_Task to carry out:_ Only one span is wanted from the lines below: from the one with "Ultrahuman Ring Air matt grey size 9" up to and including the one with "日本共産党の吉良よし子参院議". Copy it exactly, without images.

_Dataset entries:_
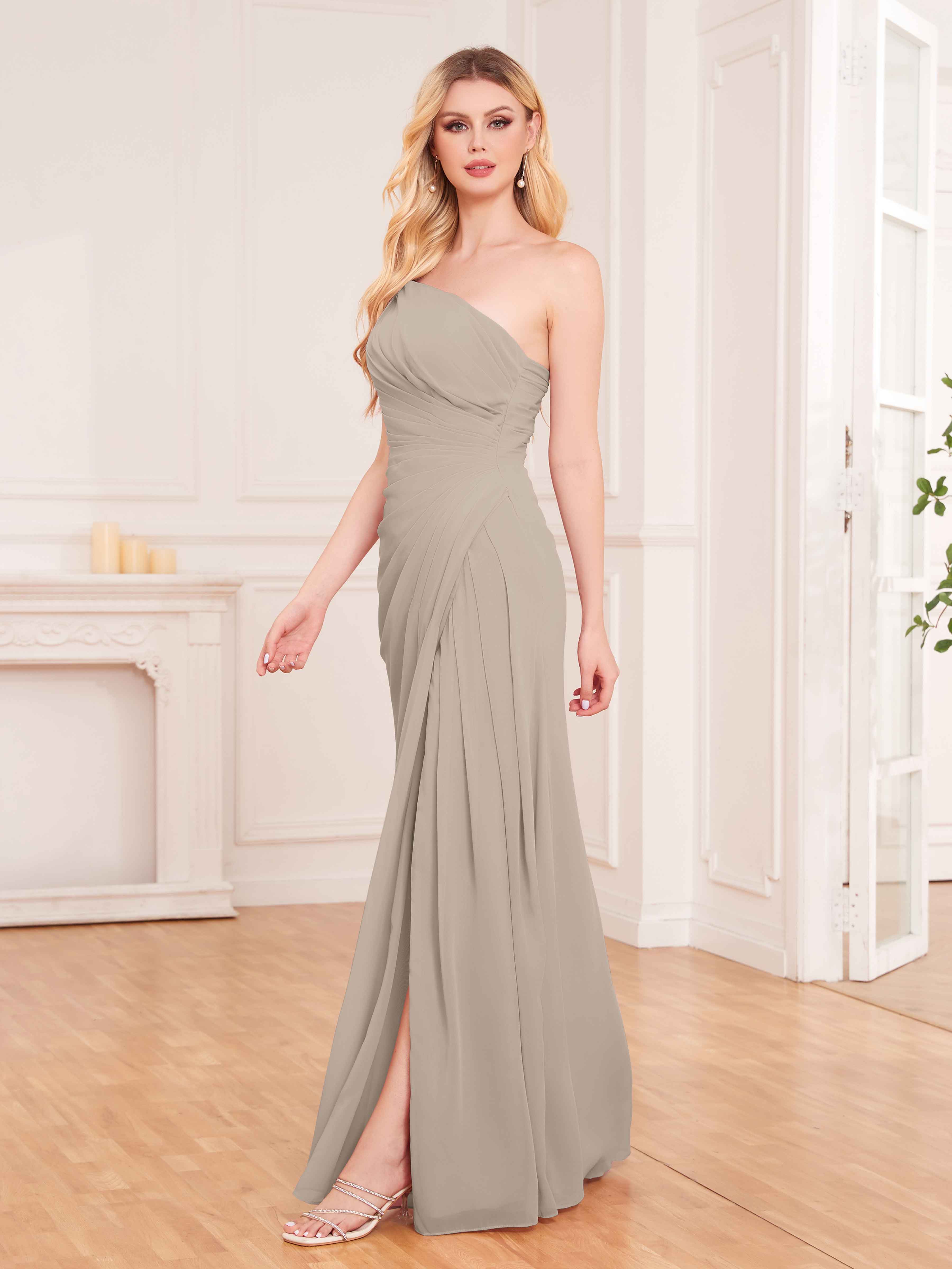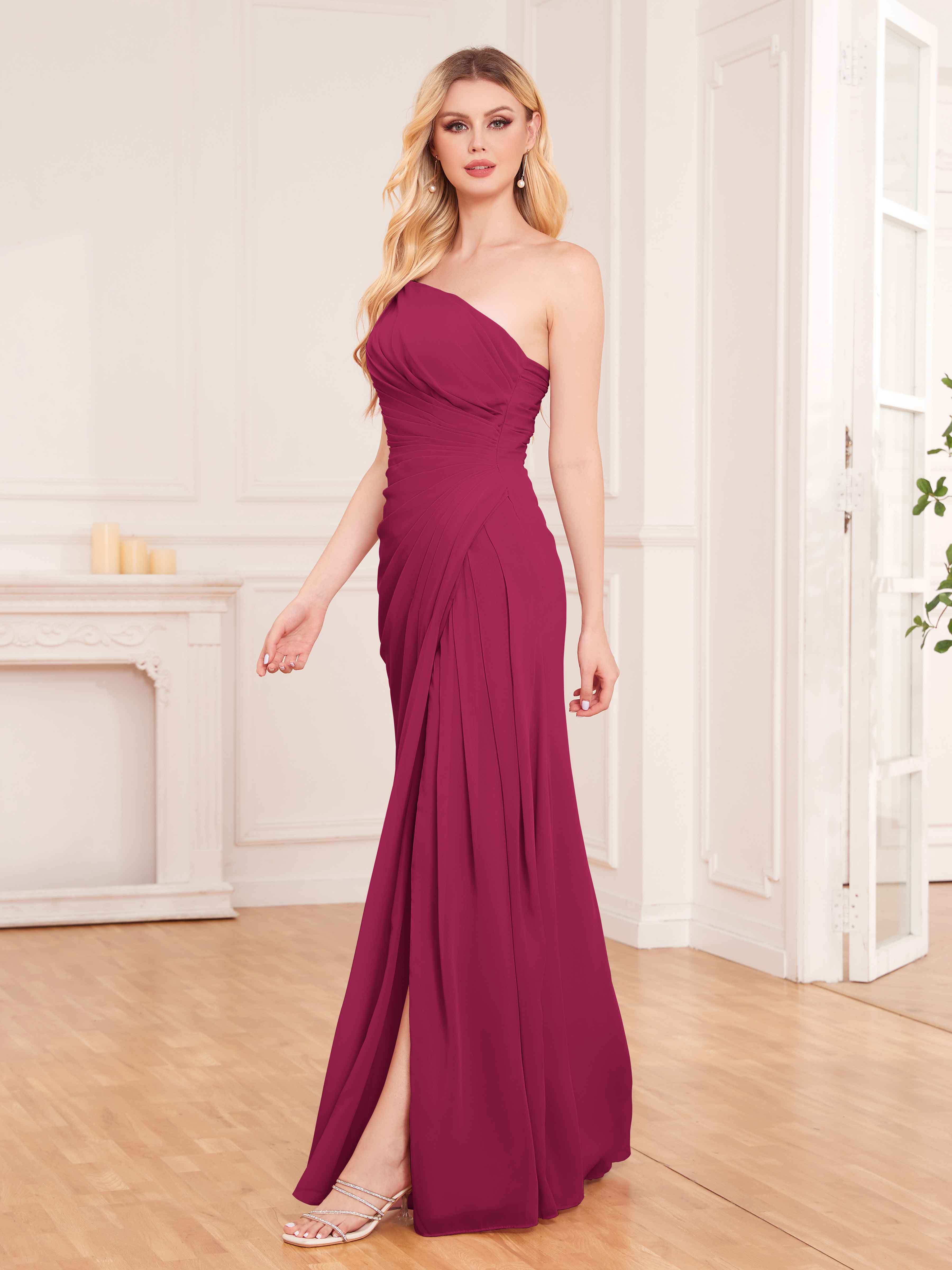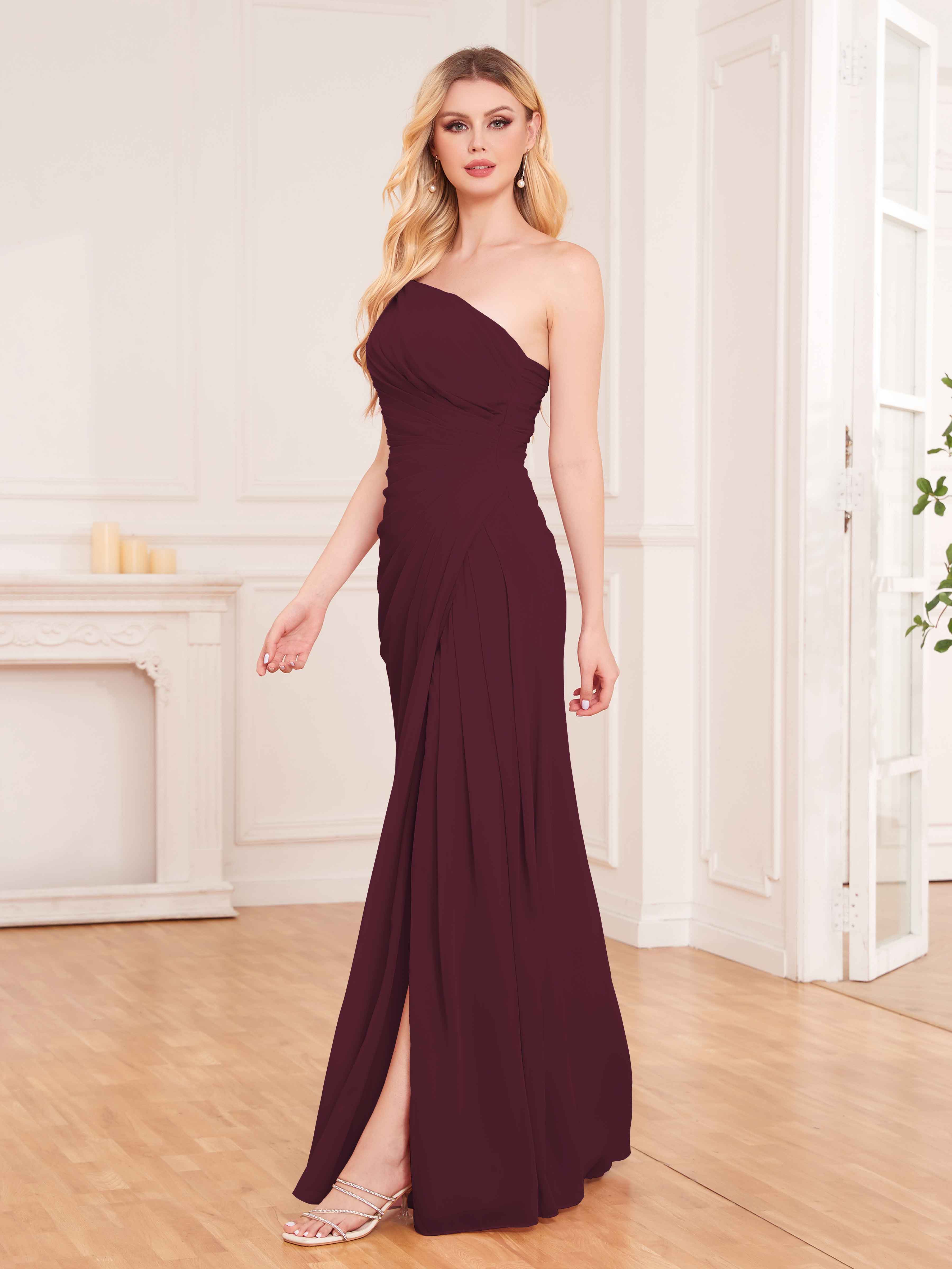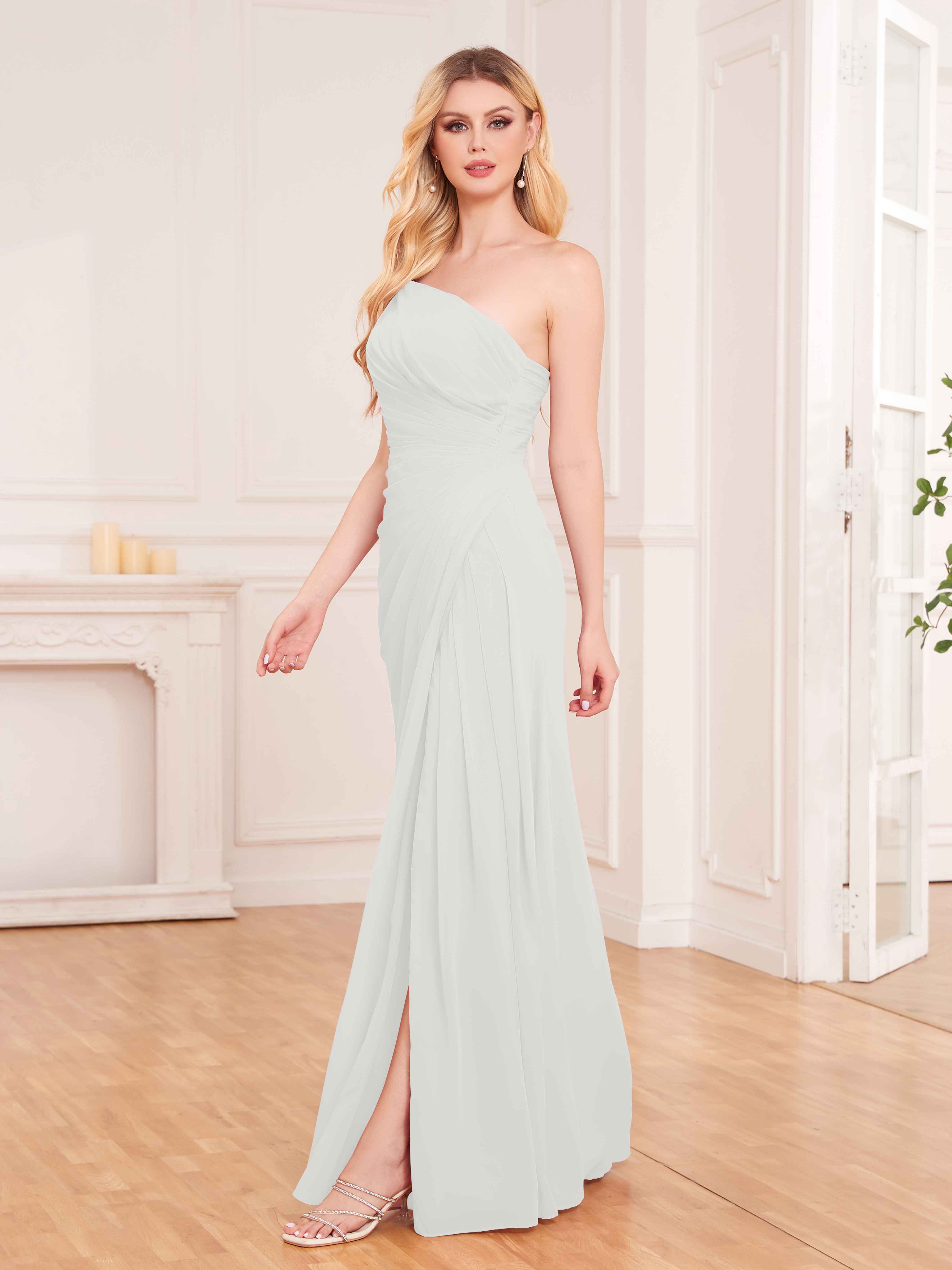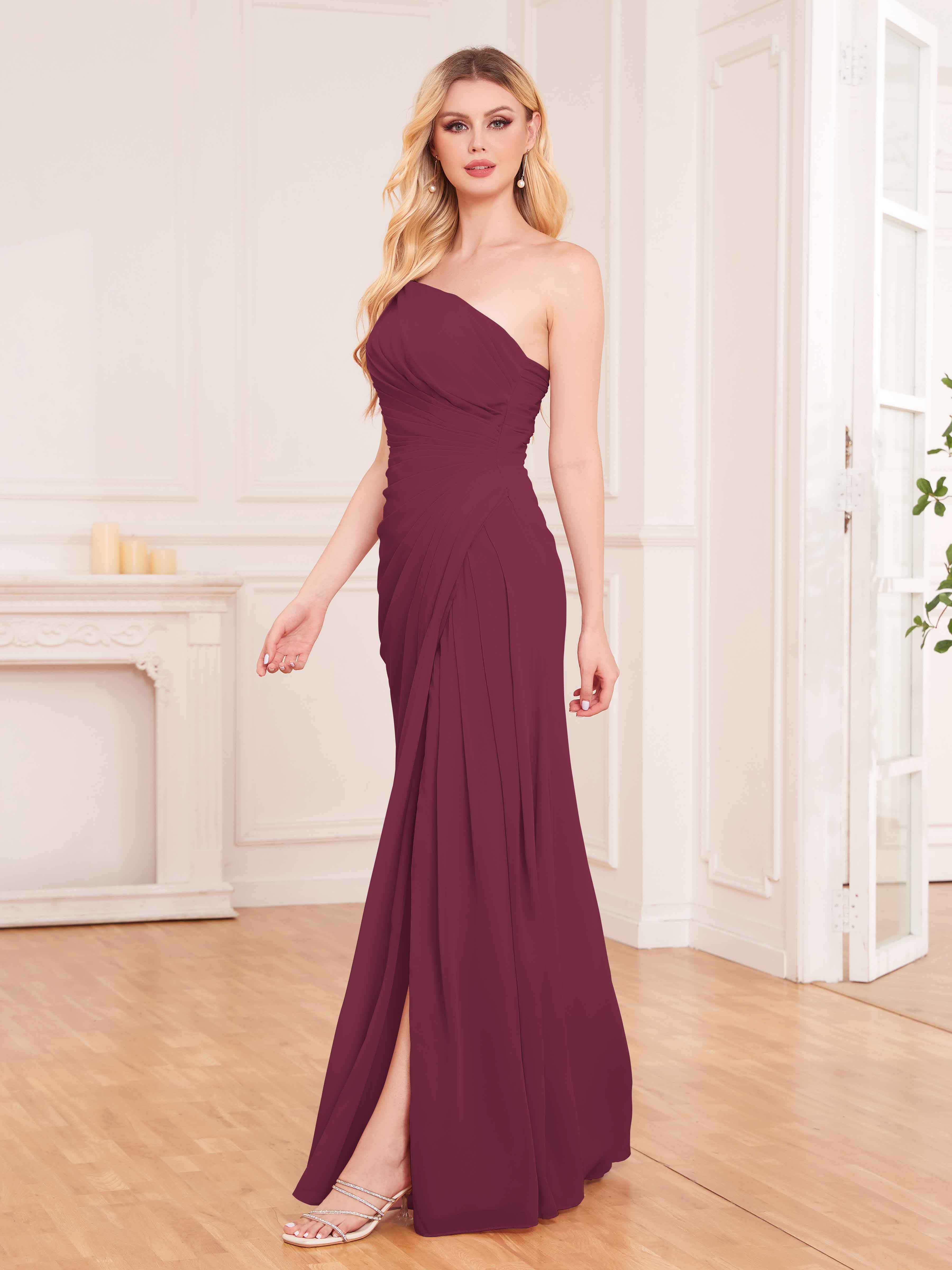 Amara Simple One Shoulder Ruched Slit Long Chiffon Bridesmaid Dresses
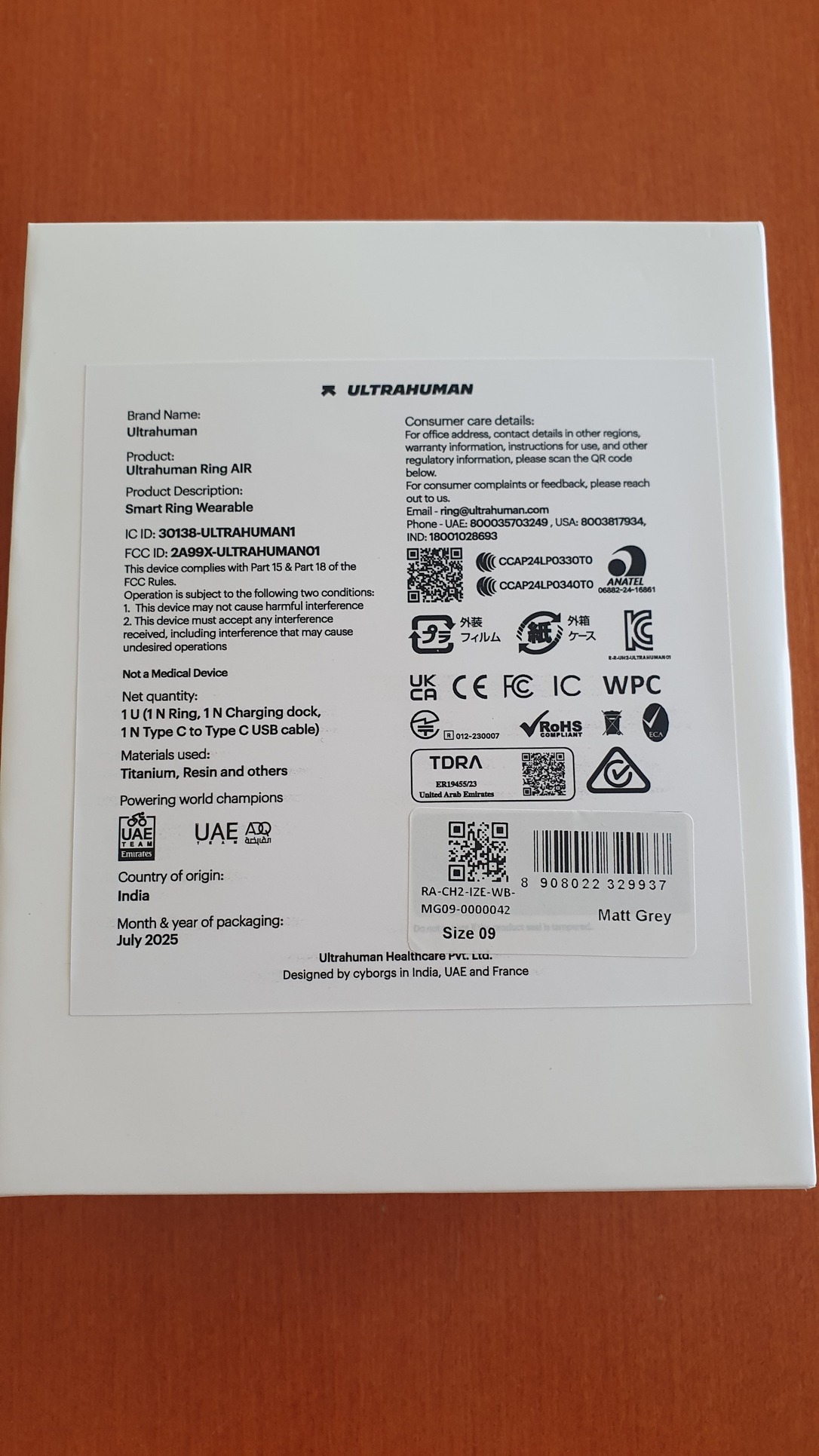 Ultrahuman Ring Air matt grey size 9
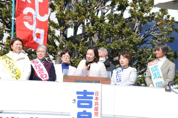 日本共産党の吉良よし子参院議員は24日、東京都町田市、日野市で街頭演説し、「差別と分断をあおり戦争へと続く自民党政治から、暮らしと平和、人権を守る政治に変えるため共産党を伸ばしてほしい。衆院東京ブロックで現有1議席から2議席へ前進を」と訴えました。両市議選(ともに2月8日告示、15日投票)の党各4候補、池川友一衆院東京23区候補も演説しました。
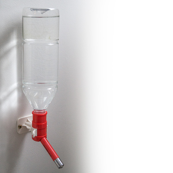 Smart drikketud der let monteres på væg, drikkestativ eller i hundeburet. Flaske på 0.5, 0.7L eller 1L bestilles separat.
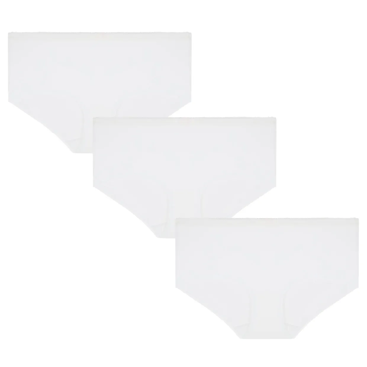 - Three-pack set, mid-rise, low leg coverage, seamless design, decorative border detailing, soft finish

_Result below:_
 Ultrahuman Ring Air matt grey size 9
 日本共産党の吉良よし子参院議員は24日、東京都町田市、日野市で街頭演説し、「差別と分断をあおり戦争へと続く自民党政治から、暮らしと平和、人権を守る政治に変えるため共産党を伸ばしてほしい。衆院東京ブロックで現有1議席から2議席へ前進を」と訴えました。両市議選(ともに2月8日告示、15日投票)の党各4候補、池川友一衆院東京23区候補も演説しました。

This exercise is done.